Jareth took a small leather draw-string purse from his belt and picked out two gold coins and a ruby the size of the tip of his thumb.
The girl's mouth dropped open and her gum plopped out on the glass counter-top.
He looked between her and the purchases, considered, and added a small silver coin to the rest. "Is that not enough?"
"Are ya kidding me, man? Ya can't fucking pay with that."
"I assure you it's real."
"But ya can't pay for cigarettes with that kind of shit. What the hell's wrong with you?"
Jareth folded his arms over his chest and glared down at the girl in his most superior way.
She stared back at him, undaunted by the gleam in his eye or the set of his shoulders. She'd spent her early childhood scrapping with the neighborhood kids and dodging the cops, she wasn't afraid of some wack-job that looked like a traveling Renaissance Fair reject.
"Since when is gold no longer an acceptable form of currency?" he demanded.
"Since maybe the fifties," she said. "That's the nineteen-fifties, Shakespeare."
"Well this is all I have," Jareth said.
She studied him intently for almost a full minute, then sighed and scooped up the coins and the ruby. "Look, you seem like a sane enough guy. You could do with a hair cut and some new threads, but still—"
"Bite it," he told her.
She glared at him. "Listen, you crazy fuck, I don't have to take that kind of—"
"The coin," Jareth said with what he considered to be infinite patience. "Bite the edge of the coin."
She continued to glare at him, but did what he suggested and clamped her teeth down on the gold like an old miner in a spaghetti-western. When she took it out of her mouth and looked at it, sure enough, there were little indentations left by her teeth.

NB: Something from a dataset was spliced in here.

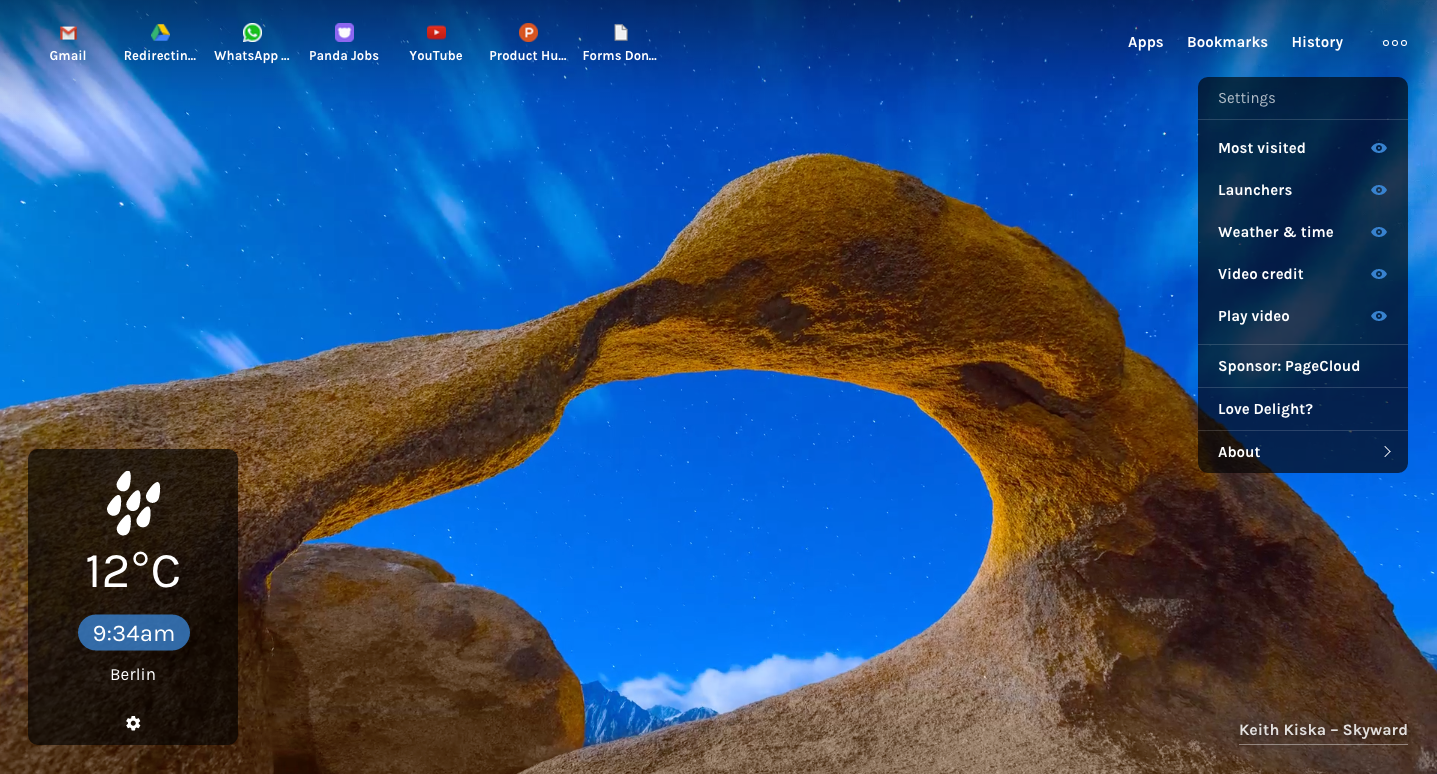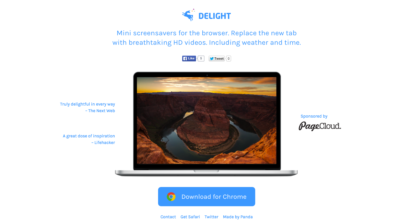 We wanted to bring mini screensavers to the browser. Delight features awe inspiring time lapse photography. Replace the new tab with breathtaking HD videos. Including weather and time. We hope you enjoy. Brought to you by http://panda.network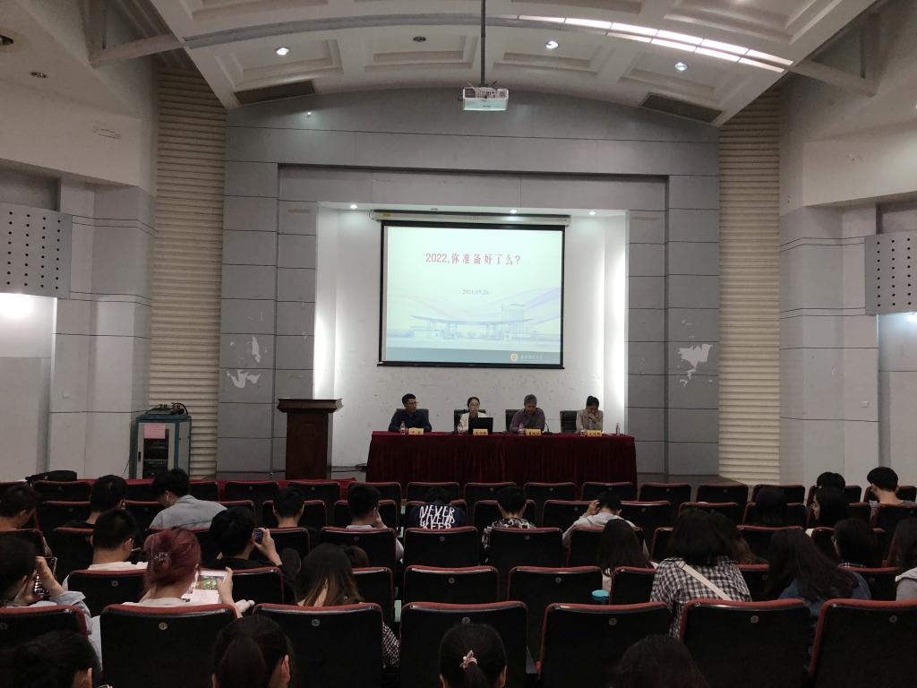 副书记袁怡琨首先具体分析了当前考研形势,总结了学院毕业生历年研究生考取情况,并以“2022,你准备好了吗”发问,引发同学们对于自身报考研究生的思考;并重点和同学们强调了考研对于提升个人职业层次,实现人生理想的重要意义。同时,她从“职前准备”方面对学生开展就业指导,她向同学们介绍了就业的渠道、利用“人职匹配理论”找寻合适的工作、企业招聘流程、获取就业信息的途径等。她建议同学们在剩余的大学阶段努力提升自己的综合素质和就业竞争力,鼓励大家多渠道获取就业信息,做好充分的求职准备。副院长崔向阳认为考研是自我提升、社会需求和就业趋势的必然要求,鼓励同学们报考双一流高校,更鼓励大家考取本校的研究生,他分析了选择报考本校研究生的优势,在选择院校和专业方面给出了建设性意见。经济系教师代表师磊、统计系教师代表武伟娜结合自身考研考博经历,分别从本科生各学科门类读研比例、本科毕业生读研的主要动机、本科毕业生选择院校最关注的因素、择校原则、时间计划、内容安排等方面对学生展开深入细致的指导。

The look on her face was enough to give him permission to take his purchases and walk out of the store, which he did. He stood on the sidewalk and took a deep breath. The perfumed atmosphere of the smoke-shop had left him a little light-headed. He folded the material of the t-shirts around the box of cigarettes, then just kept folding until he had a small little package no bigger than a domino, which he put in his leather purse for safe-keeping.
The next store he visited was similar to the first, except there was no smoke or perfume, and it was a lot brighter than the smoke-shop. He did not spend much time walking around looking at the bottles. If you've seen one bottle of wine, you've pretty much seen them all. He did pick up a bottle of some violently green liquid and swish it around experimentally, but then he went straight to the counter and asked for Sarah's Southern Comfort. When he paid the man with gold, this time Jareth did not have to prompt the grizzled old man to test it with his teeth. He did it without being asked, and when he found it to be real, he considerately wrapped up Jareth's bottle in a paper sack, and even gave him a toothy smile as he was leaving.
The only way Jareth knew to explain it was the changing of time. Time passed, that was one of the things that was unavoidable no matter which world you lived in. And the old man at the liquor store evidently came from a time when gold was a perfectly acceptable currency—even a preferred one.
The sun had long set and it was now full dark. Time for him to find Sarah's manuscript and get his real work over with so he could go home. He'd already been wandering through streets dappled and bristling with a thousand different forms of cold iron for long enough to make his damned teeth itch.